I'm not sure if my proof works here,
Given that $gH \leq G$,
$gH$ is a left coset of $H$. Now, the only way to make sure that $gH \leq G$ is that if $gH = H$ (since we already know $H \leq G$), in which case $g$ must be in $H$.
Given that $g \in H$ and that $H \leq G$,
we know that $g * h \in H$ for all $h \in H$. In other words, $gH = H$. And therefore $H = gH \leq G$.
On
"$\Leftarrow$" is fine.
For "$\Rightarrow$" your proof isn't clear on why the only way for $gH\leq G$ to happen is if $gH=H$, so let's prove it. If $gH\leq G$ for some $g\in G$, then the identity element $e$ is in $gH$, so $e=gh$ for some $h\in H$, so in fact we have $g=h^{-1}$ for some $h\in H$, so $g\in H$.
Hope this helps.
Why?

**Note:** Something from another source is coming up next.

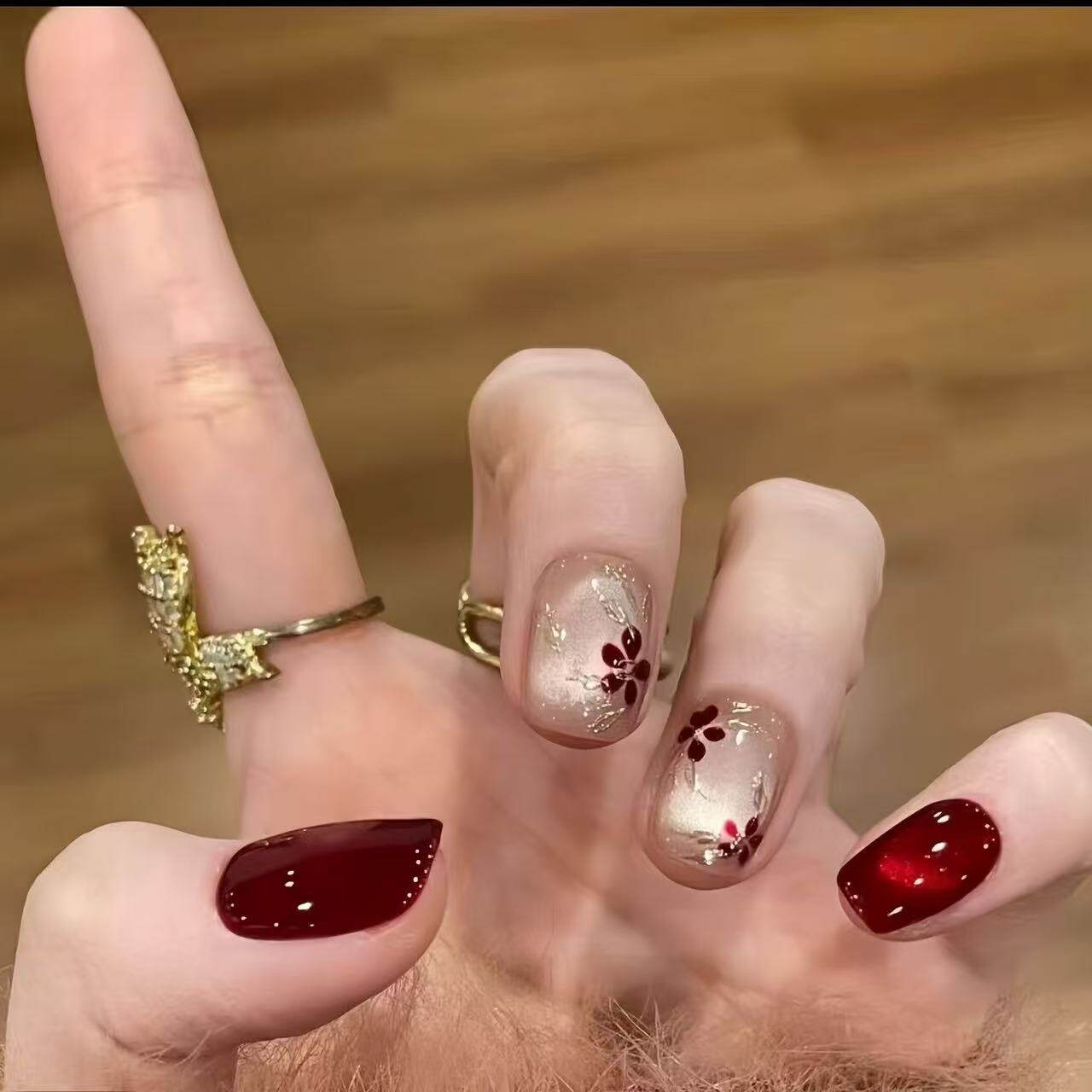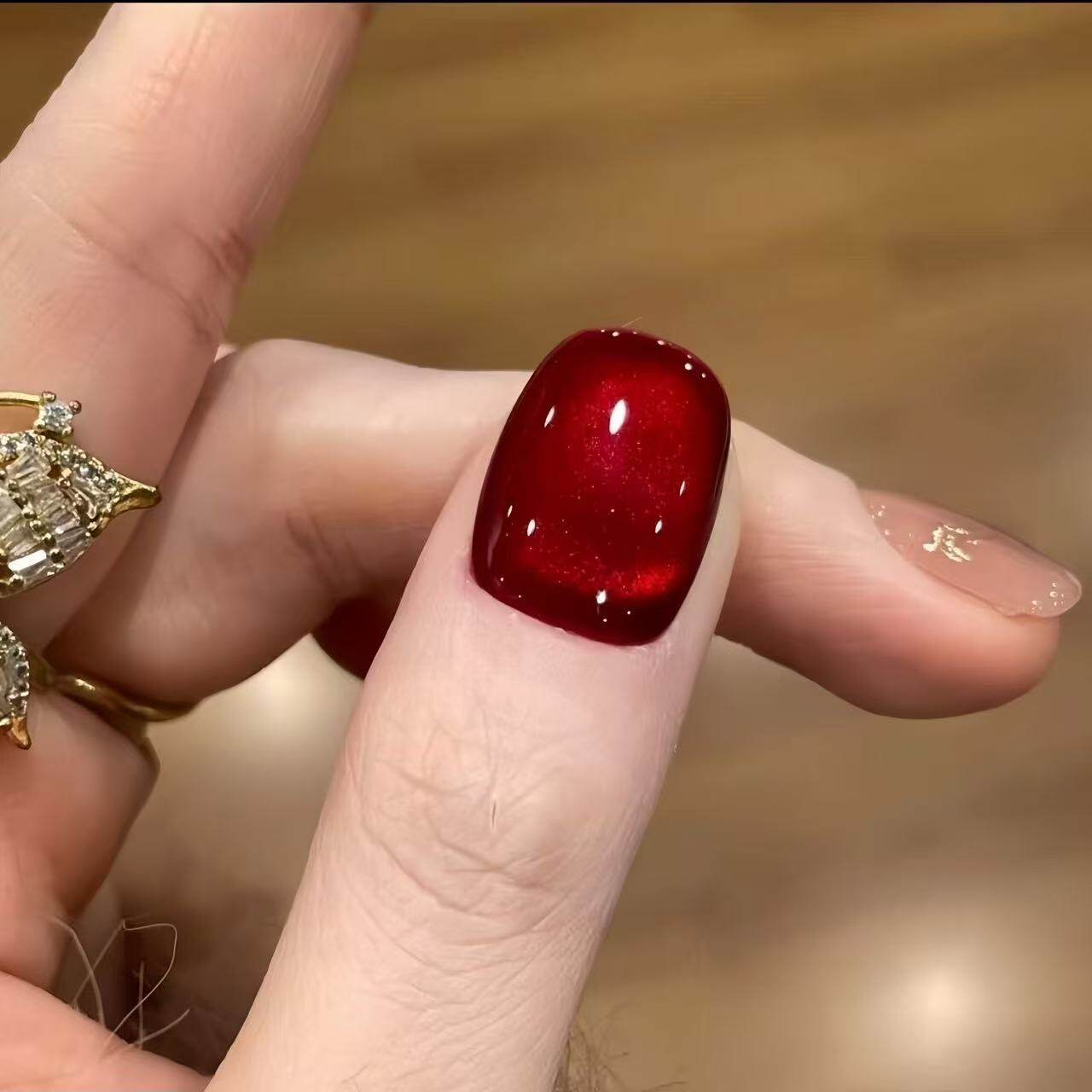 红色猫眼手工穿戴甲短款美甲贴片中长款秋冬法式椭圆带钻新款蝴蝶

And how is that related to the fact that $H\leq G$? That's not enough.
The proper explanation would be: assume that $gH$ is a subgroup of $G$. In particular the neutral element $e\in gH$, i.e. $e=gh$ for some $h\in H$. Therefore $g$ is the inverse of $h$ and thus $g\in H$.
The other implication looks fine to me.